Structure and Reaction Mechanism of YcjR, an Epimerase that Facilitates the Interconversion of D-Gulosides to D-Glucosides in Escherichia coli.

YcjR from Escherichia coli K-12 MG1655 catalyzes the manganese-dependent reversible epimerization of 3-keto-alpha-D-gulosides to the corresponding 3-keto-alpha-D-glucosides as a part of a proposed catabolic pathway for the transformation of D-gulosides to D-glucosides. The three-dimensional structure of the manganese-bound enzyme was determined by X-ray crystallography. The divalent manganese ion is coordinated to the enzyme by ligation to Glu-146, Asp-179, His-205, and Glu-240. When either of the two active site glutamate residues is mutated to glutamine, the enzyme loses all catalytic activity for the epimerization of alpha-methyl-3-keto-D-glucoside at C4. However, the E240Qmutant can catalyze hydrogen-deuterium exchange of the proton at C4 of alpha-methyl-3-keto-D-glucoside in solvent D2O. The E146Q mutant does not catalyze this exchange reaction.

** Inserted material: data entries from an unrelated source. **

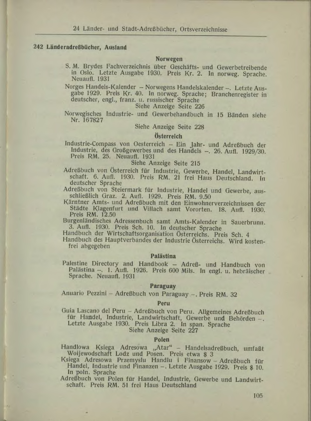 Norwegen S. M. Brydes Fachverzeichnis über Geschäfts- und Gewerbetreibende in Oslo. Letzte Ausgabe 1930. Preis Kr. 2. In norweg. Sprache. Neuaufl. 1931 Norges Handels-Kalender - Norwegens Handelskalender -. Letzte Ausgabe 1929. Preis Kr. 40. In norweg. Sprache; Branchenregister in deutscher, engl., franz. u. russischer Sprache Siehe Anzeige Seite 226 Norwegisches Industrie- und Gewerbehandbuch in 15 Bänden siehe Nr. 167827 Siehe Anzeige Seite 228 Österreich Industrie-Compass von Oesterreich - Ein Jahr- und Adreßbuch der Industrie, des Großgewerbes und des Handels -. 26. Aufl. 1929/30. Preis RM. 25. Neuaufl. 1931 Siehe Anzeige Seite 215 Adreßbuch von Österreich für Industrie, Gewerbe, Handel, Landwirtschaft. 6. Aufl. 1930. Preis RM. 21 frei Haus Deutschland. In deutscher Sprache Adreßbuch von Steiermark für Industrie, Handel und Gewerbe, ausschließlich Graz. 2. Aufl. 1929. Preis RM. 9.50 Kärntner Amts- und Adreßbuch mit den Einwohnerverzeichnissen der Städte Klagenfurt und Villach samt Vororten. 18. Aufl. 1930. Preis RM. 12.50 Burgenländisches Adressenbuch samt Amts-Kalender in Sauerbrunn. 3. Aufl. 1930. Preis Sch. 10. In deutscher Sprache Handbuch der Wirtschaftsorganisation Österreichs. Preis Svh. 4 Handbuch des Hauptverbandes der Industrie Österreichs. Wird kostenfrei abgegeben Palästina Palestine Directory and Handbook - Adreß- und Handbuch von Palästina -. 1. Aufl. 1926. Preis 600 Mils. In engl. u. hebräischer Sprache. Neuaufl. 1931 Paraguay Anuario Pezzini - Adreßbuch von Paraguay -. Preis RM. 32 Peru Guia Lascano del Peru - Adreßbuch von Peru. Allgemeines Adreßbuch für Handel, Industrie, Landwirtschaft, Gewerbe und Behörden -. Letzte Ausgabe 1930. Preis Libra 2. In span. Sprache Siehe Anzeige Seite 227 Polen Handiowa Ksiega Adresowa „Atar" - Handelsadreßbuch, umfaßt Woijewodschaft Lodz und Posen. Preis etwa $ 3 Ksiega Adresowa Przemyslu Handlu i Finansow - Adreßbuch für Handel, Industrie und Finanzen -. Letzte Ausgabe 1929. Preis $ 10. In poln. Sprache Adreßbuch von Polen für Handel, Industrie, Gewerbe und Landwirtschaft. Preis RM. 51 frei Haus Deutschland | |
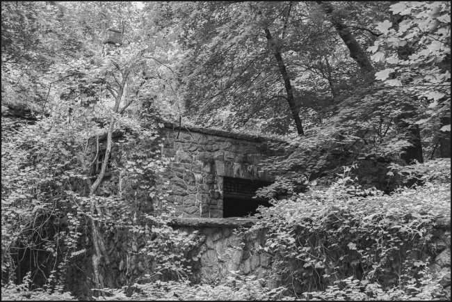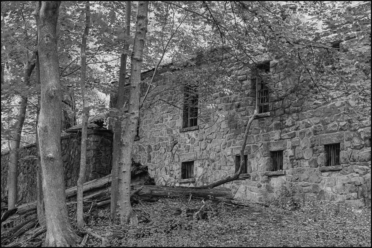 I came across these overgrown, ruined buildings while walking along the Old Croton Aqueduct Trail. The bars make them look something like a jail, but I don’t suppose they were. Bars can, of course be used to keep people out too. Maybe something valuable was once kept inside. Judging from their location they are in some way connected with the Lenoir Preserve or one of the mansions (Lenoir Mansion, Ardenwold) that stand/stood there.
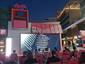 项目外围专题街区WeWalk,引入了多家来自上海、苏州等地的主理人商铺,这是该邻里中心项目的创新特色。其中一家咖啡面包品牌店偏向年轻化,整体风格呈现亮绿,展现了街区互惠共赢的时尚与活力满满的热闹。

These results indicate that YcjR catalyzes the isomerization of 3-keto-D-glucosides via proton abstraction at C4 by Glu-146 to form a cis-enediolate intermediate that is subsequently protonated on the opposite face by Glu-240 to generate the corresponding 3-keto-D-guloside. This conclusion is supported by docking of the cis-enediolate intermediate into the active site of YcjR based on the known binding orientation of D-fructose and D-psicose in the active site of D-psicose-3-epimerase.